Each record that follows is to be transcribed exactly, excluding its images.
──────── DATASET RECORDS
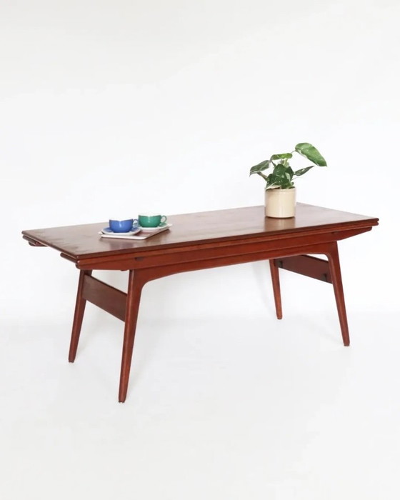 Beautiful teak coffee table that can be converted into a dining table from Danish manufacturer Trioh Möbler. The table can be raised and widened. The model is also known as the "Copenhagen" model. It was specifically designed for the new post-war small apartments of the 1950s and 1960s in Copenhagen. A space-saving piece of furniture was therefore the perfect solution. The table was possibly designed by Danish designer Kai Kristiansen.
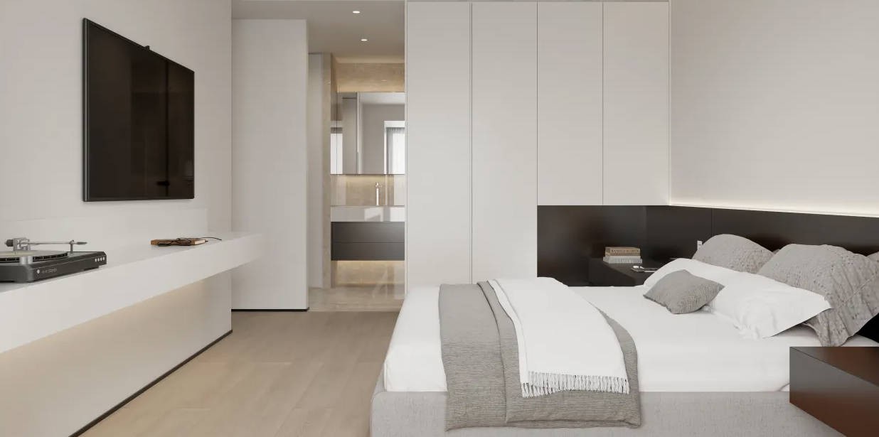 女屋主对主卧衣物收纳有很大需求,将公区空白空间并入主卧,设计两个衣帽间,再多衣服也能容纳。 房间明亮宽敞,屋主有了专门的梳妆区+休闲区,正如那琳琅满目的日常用品,女主人令人艳羡的精致生活一一展现。
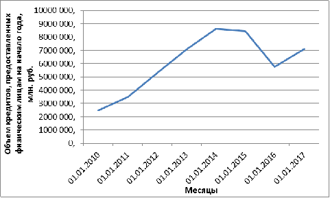 кредитов, выданных физическим лицам, и спрогнозировать значение показателя на
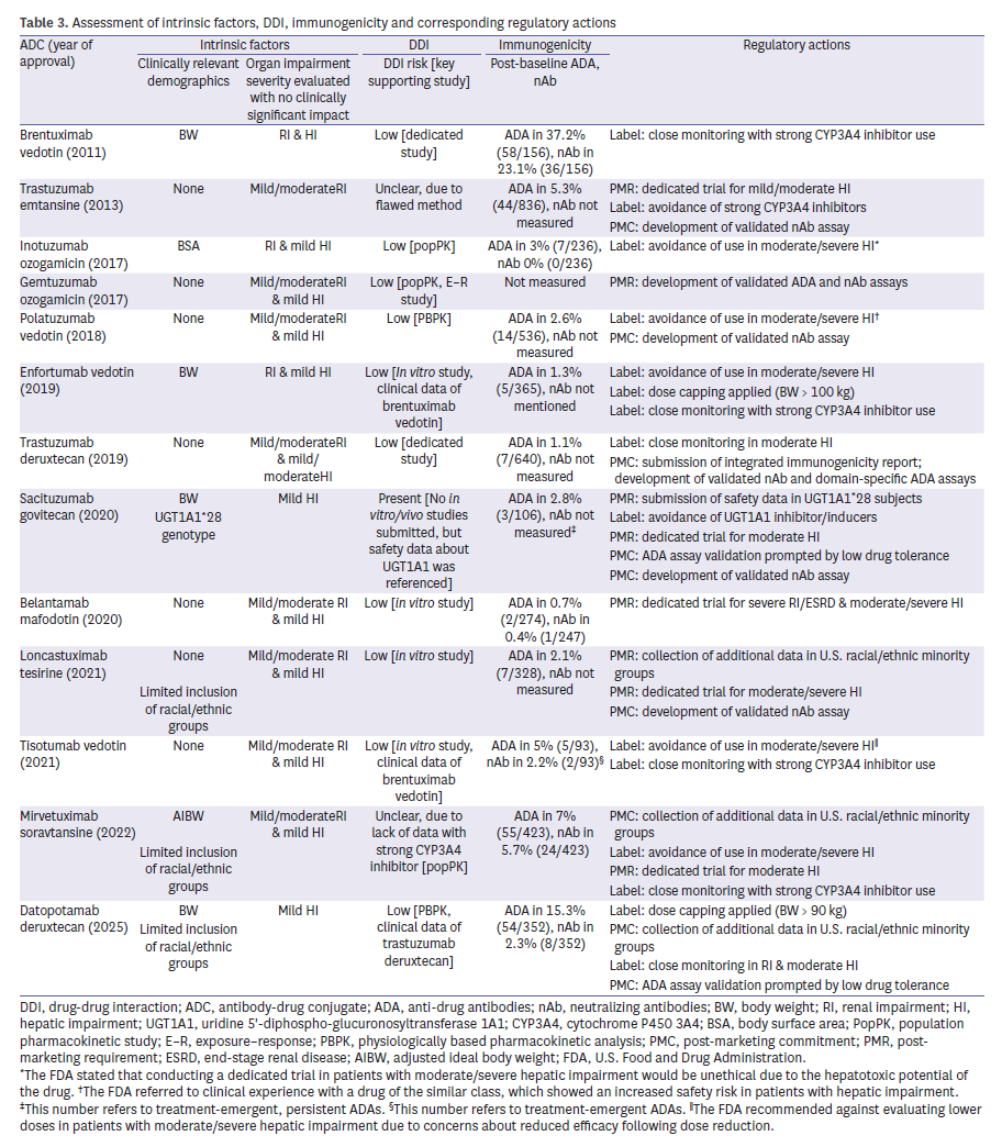 All ADCs were assessed for potential DDIs, though evidentiary approaches varied: 2 relied on dedicated clinical trials, 2 used physiologically based pharmacokinetic modeling, and three applied population PK analyses (Table 3). FDA sometimes accepted cross-program extrapolation, such as using Adcetris data to support Padcev and Tivdak. In other cases, the Agency requested further validation when mechanistic concerns remained unresolved. For instance, sacituzumab govitecan (Trodelvy) was required to provide additional safety data in patients with UGT1A1*28 variants, reflecting concern over metabolic interactions with irinotecan’s active metabolite. Similarly, for polatuzumab vedotin (Polivy), in vitro results suggested limited cytochrome P450 involvement, but the FDA still imposed labeling restrictions regarding use in patients with moderate to severe hepatic impairment, indirectly linked to DDI risk. These experiences highlight both the Agency’s pragmatic acceptance of scientifically justified extrapolation and its insistence on clear mechanistic rationale for transporter or enzyme interactions.
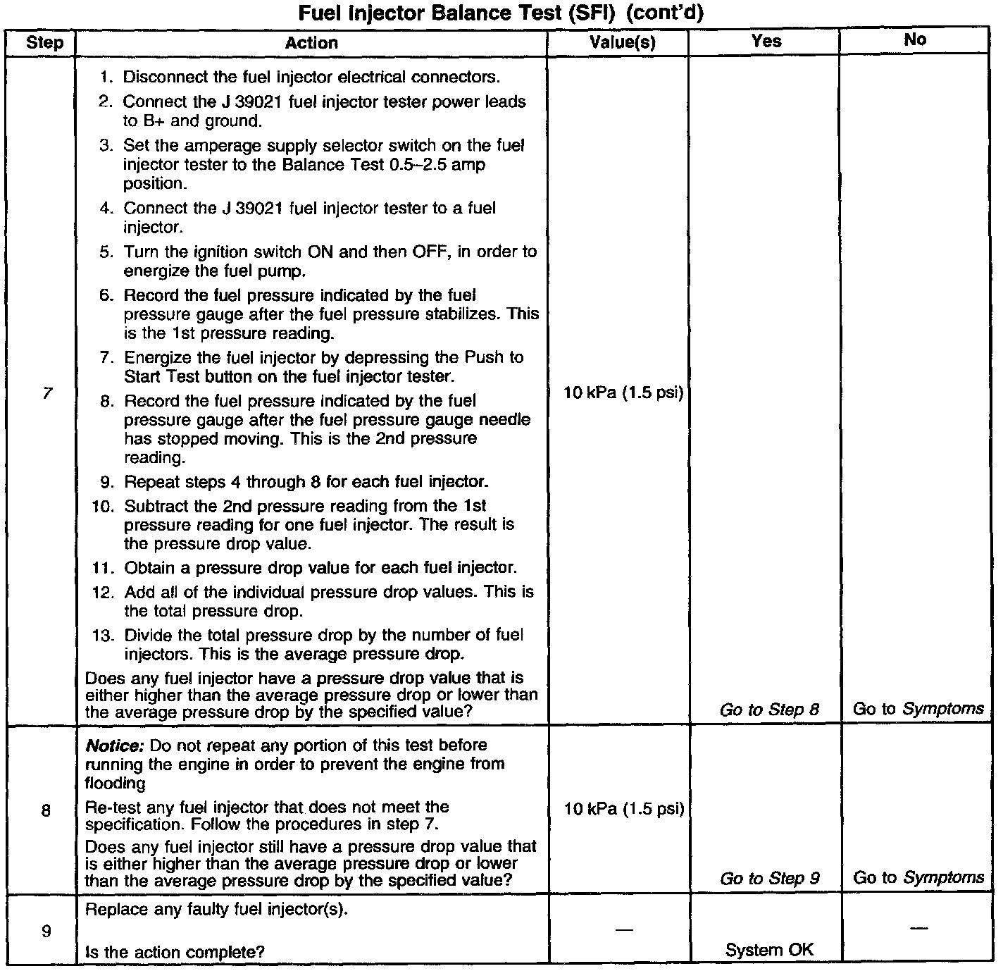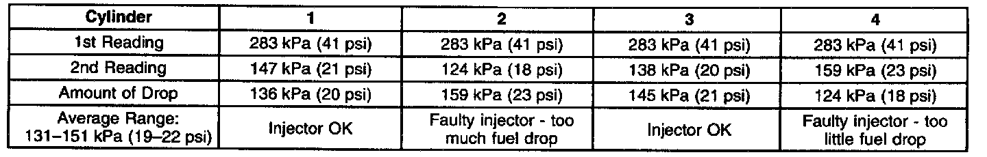 7. The fuel injectors are flowing properly if the pressure drop value for each fuel injector is within 10 kPa (1.5 psi) of the average pressure drop value. Calculate the pressure drop value for each fuel injector by subtracting the second pressure reading from the first pressure reading. Refer to the examples in the table.
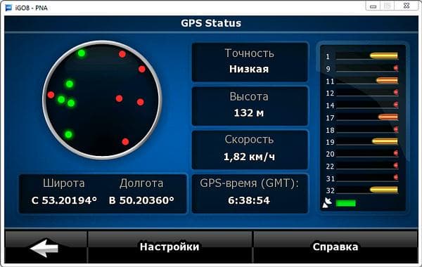 Работа в режиме GPS-приёмника
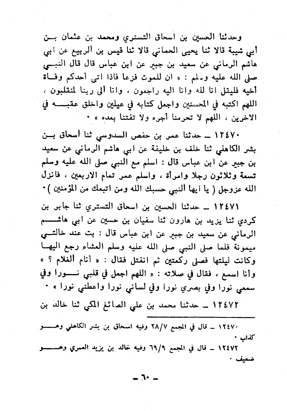 12471 - حَدَّثَنَا الْحُسَيْنُ بْنُ إِسْحَاقَ التُّسْتَرِيُّ، ثنا جَابِرُ بْنُ كُرْدِيٍّ، ثنا يَزِيدُ بْنُ هَارُونَ، ثنا سُفْيَانُ بْنُ حُسَيْنٍ، عَنْ أَبِي هَاشِمٍ الرُّمَّانِيِّ، عَنْ سَعِيدِ بْنِ جُبَيْرٍ، عَنِ ابْنِ عَبَّاسٍ قَالَ: بِتُّ عِنْدَ خَالَتِي مَيْمُونَةَ، فَلَمَّا صَلَّى النَّبِيُّ صَلَّى اللهُ عَلَيْهِ وَسَلَّمَ الْعِشَاءَ رَجَعَ إِلَيْهَا، وَكَانَتْ لَيْلَتُهَا , فَصَلَّى رَكْعَتَيْنِ، ثُمَّ انْفَتَلَ , فَقَالَ: «أَنَامَ الْغُلَامُ؟» وَأَنَا أَسْمَعُ، فَقَالَ فِي صَلَاتِهِ: «§اللهُمَّ , اجْعَلْ فِي قَلْبِي نُورًا، وَفِي سَمْعِي نُورًا، وَفِي بَصَرِي نُورًا، وَفِي لِسَانِي نُورًا، وَاعْطِنِي نُورًا»
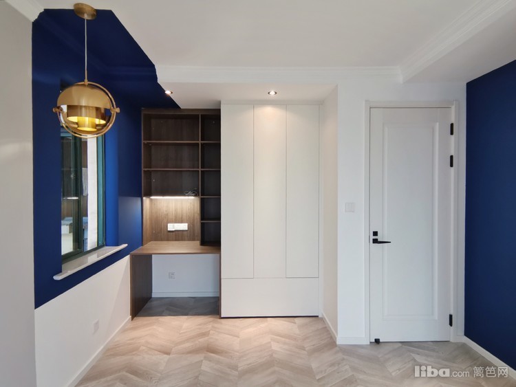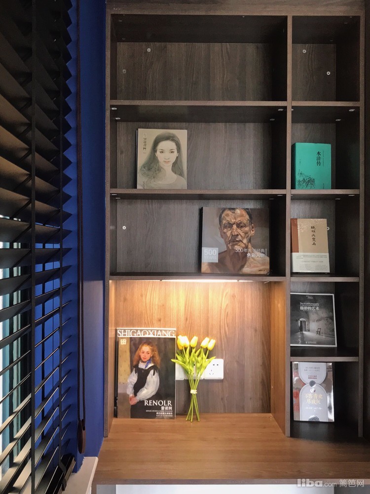 蓝色加木色搭配书房
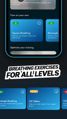 🤿 Progress logs and Apnea statistics: Track your personal apnea shape by recording tests. Access charts displaying apnea duration, and sort by date or record time. Use these charts to analyze your progress and automatically adjust trainings to improve your tolerance to carbon dioxide accumulation and lack of oxygen in each apnea session.
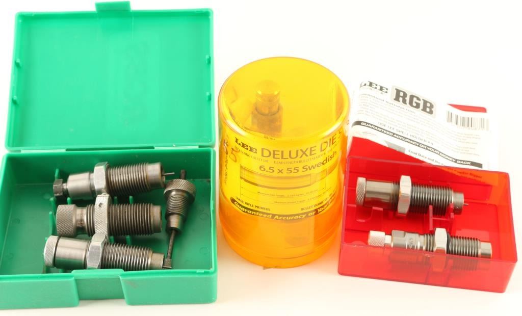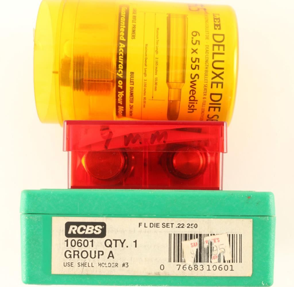 Includes a 6.5 x 55 Lee Deluxe Die Set, a Lee RGB .223 REM Reloading Dies, and an RCBS .22/250 F.L. Die Set.
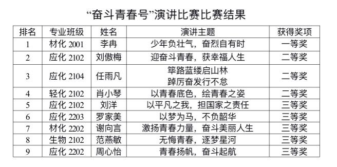 青春不是一种年龄,而是一种状态。青春是不断尝试,青春是永远奋斗在路上。演讲过程中,各位参赛选手或激昂澎湃,或低沉颂吟,或深情饱满,或激情澎湃,每一位选手都意气风发地站在台上完成了各有特色的演讲,富有感染力的神态动作和声情并茂的语言表达,配合着精美的演示文稿,打动了在场的评委及观众,台下不时爆发出一阵阵掌声。经过一个多小时的激烈比拼,最终,材料化学2001班李冉获一等奖。
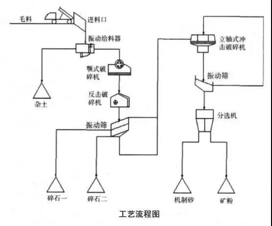顎式破碎機(jī)破碎的回料及部分不同粒徑的石料進(jìn)入制砂機(jī),分離出不符合級(jí)配要求粒徑的石粉形成機(jī)制砂。
────────────────
* RESPONSE FOR THIS EXERCISE *
 Beautiful teak coffee table that can be converted into a dining table from Danish manufacturer Trioh Möbler. The table can be raised and widened. The model is also known as the "Copenhagen" model. It was specifically designed for the new post-war small apartments of the 1950s and 1960s in Copenhagen. A space-saving piece of furniture was therefore the perfect solution. The table was possibly designed by Danish designer Kai Kristiansen.
 女屋主对主卧衣物收纳有很大需求,将公区空白空间并入主卧,设计两个衣帽间,再多衣服也能容纳。 房间明亮宽敞,屋主有了专门的梳妆区+休闲区,正如那琳琅满目的日常用品,女主人令人艳羡的精致生活一一展现。
 кредитов, выданных физическим лицам, и спрогнозировать значение показателя на
 All ADCs were assessed for potential DDIs, though evidentiary approaches varied: 2 relied on dedicated clinical trials, 2 used physiologically based pharmacokinetic modeling, and three applied population PK analyses (Table 3). FDA sometimes accepted cross-program extrapolation, such as using Adcetris data to support Padcev and Tivdak. In other cases, the Agency requested further validation when mechanistic concerns remained unresolved. For instance, sacituzumab govitecan (Trodelvy) was required to provide additional safety data in patients with UGT1A1*28 variants, reflecting concern over metabolic interactions with irinotecan’s active metabolite. Similarly, for polatuzumab vedotin (Polivy), in vitro results suggested limited cytochrome P450 involvement, but the FDA still imposed labeling restrictions regarding use in patients with moderate to severe hepatic impairment, indirectly linked to DDI risk. These experiences highlight both the Agency’s pragmatic acceptance of scientifically justified extrapolation and its insistence on clear mechanistic rationale for transporter or enzyme interactions.
 7. The fuel injectors are flowing properly if the pressure drop value for each fuel injector is within 10 kPa (1.5 psi) of the average pressure drop value. Calculate the pressure drop value for each fuel injector by subtracting the second pressure reading from the first pressure reading. Refer to the examples in the table.
 Работа в режиме GPS-приёмника
 12471 - حَدَّثَنَا الْحُسَيْنُ بْنُ إِسْحَاقَ التُّسْتَرِيُّ، ثنا جَابِرُ بْنُ كُرْدِيٍّ، ثنا يَزِيدُ بْنُ هَارُونَ، ثنا سُفْيَانُ بْنُ حُسَيْنٍ، عَنْ أَبِي هَاشِمٍ الرُّمَّانِيِّ، عَنْ سَعِيدِ بْنِ جُبَيْرٍ، عَنِ ابْنِ عَبَّاسٍ قَالَ: بِتُّ عِنْدَ خَالَتِي مَيْمُونَةَ، فَلَمَّا صَلَّى النَّبِيُّ صَلَّى اللهُ عَلَيْهِ وَسَلَّمَ الْعِشَاءَ رَجَعَ إِلَيْهَا، وَكَانَتْ لَيْلَتُهَا , فَصَلَّى رَكْعَتَيْنِ، ثُمَّ انْفَتَلَ , فَقَالَ: «أَنَامَ الْغُلَامُ؟» وَأَنَا أَسْمَعُ، فَقَالَ فِي صَلَاتِهِ: «§اللهُمَّ , اجْعَلْ فِي قَلْبِي نُورًا، وَفِي سَمْعِي نُورًا، وَفِي بَصَرِي نُورًا، وَفِي لِسَانِي نُورًا، وَاعْطِنِي نُورًا»
 蓝色加木色搭配书房
 🤿 Progress logs and Apnea statistics: Track your personal apnea shape by recording tests. Access charts displaying apnea duration, and sort by date or record time. Use these charts to analyze your progress and automatically adjust trainings to improve your tolerance to carbon dioxide accumulation and lack of oxygen in each apnea session.
 Includes a 6.5 x 55 Lee Deluxe Die Set, a Lee RGB .223 REM Reloading Dies, and an RCBS .22/250 F.L. Die Set.
 青春不是一种年龄,而是一种状态。青春是不断尝试,青春是永远奋斗在路上。演讲过程中,各位参赛选手或激昂澎湃,或低沉颂吟,或深情饱满,或激情澎湃,每一位选手都意气风发地站在台上完成了各有特色的演讲,富有感染力的神态动作和声情并茂的语言表达,配合着精美的演示文稿,打动了在场的评委及观众,台下不时爆发出一阵阵掌声。经过一个多小时的激烈比拼,最终,材料化学2001班李冉获一等奖。
顎式破碎機(jī)破碎的回料及部分不同粒徑的石料進(jìn)入制砂機(jī),分離出不符合級(jí)配要求粒徑的石粉形成機(jī)制砂。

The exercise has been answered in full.